Castle Cornet’s Nine Year Siege
After the order in early in 1643 by the Parliamentary Commissioners to apprehend the Lieutenant Governor, Sir Peter Osborne, to seize all fortresses and to hold the Bailiwick for Parliament, Osborne retired to Castle Cornet, his official residence, and with a handful of troops (probably about 60) and prepared to hold the Castle. During a half-hearted attack on the Castle on Thursday 29 February 1643, at least six English soldiers and one Guernseyman were killed. In retaliation Osborne threatened to bombard St. Peter Port. He fired a few guns and many of the residents evacuated the town.
Parliament, wanting the Castle intact, held back from bombarding it, preferring to starve out the garrison by cutting off supplies. However the Castle continued to be supplied by sea, most notably from Royalist Jersey.
By 1644 the siege had a routine. Osborne would be regularly summoned to yield both the Castle and himself. He would refuse. Every few months Osborne would contact Col. Carteret, the Governor of Jersey, and the English Royalists to plan the taking of Guernsey. The inhabitants would become alarmed and warships would be sent for. The ships would stand off for a while then go away. If the Royalists sent supply vessels they would be fired on as they unloaded. The Castle would reply by firing on the Town.
No serious attempt was ever made to take the Castle, and two mismanaged attacks by the Parliamentarians were easily repulsed. Some damage was however, inflicted on the Castle walls by gunfire from town. St. Peter Port, in return suffered heavily from the Castle’s guns. Peter Osborne was replaced by Sir Baldwin Wake in May 1646. Wake gave up the Castle in despair in May 1649 and absented himself without leave. He was replaced in October 1649 by Col. Roger Burgess from Jersey.

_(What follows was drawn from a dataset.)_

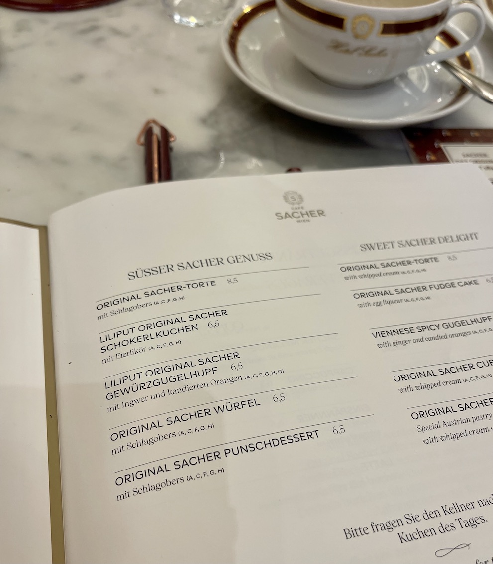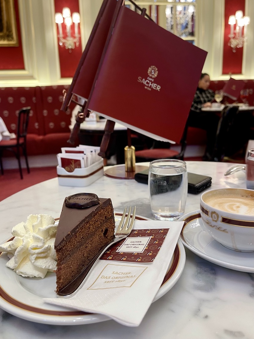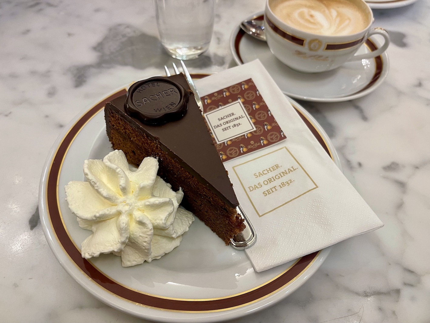 Was könnte wienerischer sein, als ein Nachmittag in diesem tollen Ambiente. Klassisch serviert wird die Original Sachertorte mit Schlagobers, aktuell für 8,50 Euro.

In March 1651 an attack by the Militia on Castle Cornet was beaten off, with over thirty of the attacking force killed. With Charles I’s defeat at Worcester in Autumn 1651 the Royalist cause on the mainland foundered. One by one the Royalist garrisons including Jersey, surrendered, until only Castle Cornet held out. With command of the sea held by the Parliamentarian Navy, supplies to the Castle were cut off. Finally on 19th December 1651 the little band of defenders, only about 50 strong, was allowed to march out having received extremely favourable terms for the surrender of the Castle.

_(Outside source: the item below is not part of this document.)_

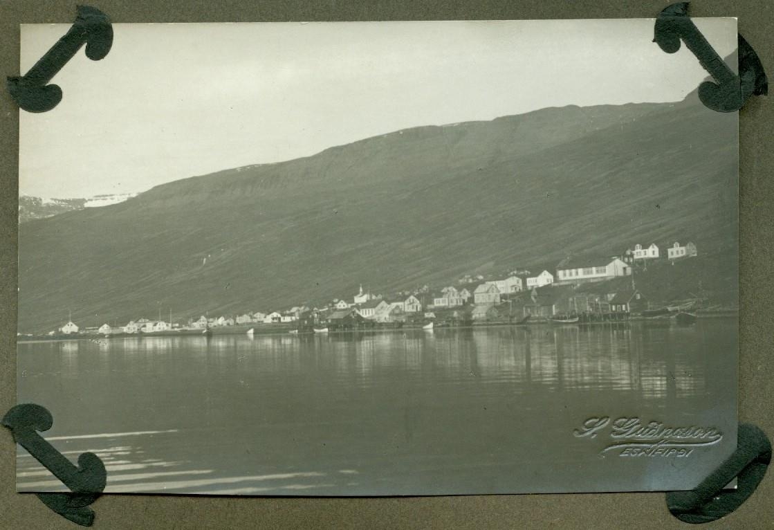 Póstkort með mynd af Eskifirði séð frá sjó.

Even after the war was over and the Monarchy restored in 1660 after the brief period of the Commonwealth ruled over by the Lord Protector Oliver Cromwell (1649-1660), Castle Cornet’s part in this great upheaval was not over. Because of its remoteness from England, Major-General Sir John Lambert, seen by many as the successor to Cromwell as Lord Protector, was imprisoned in the Castle from 1661 to 1670.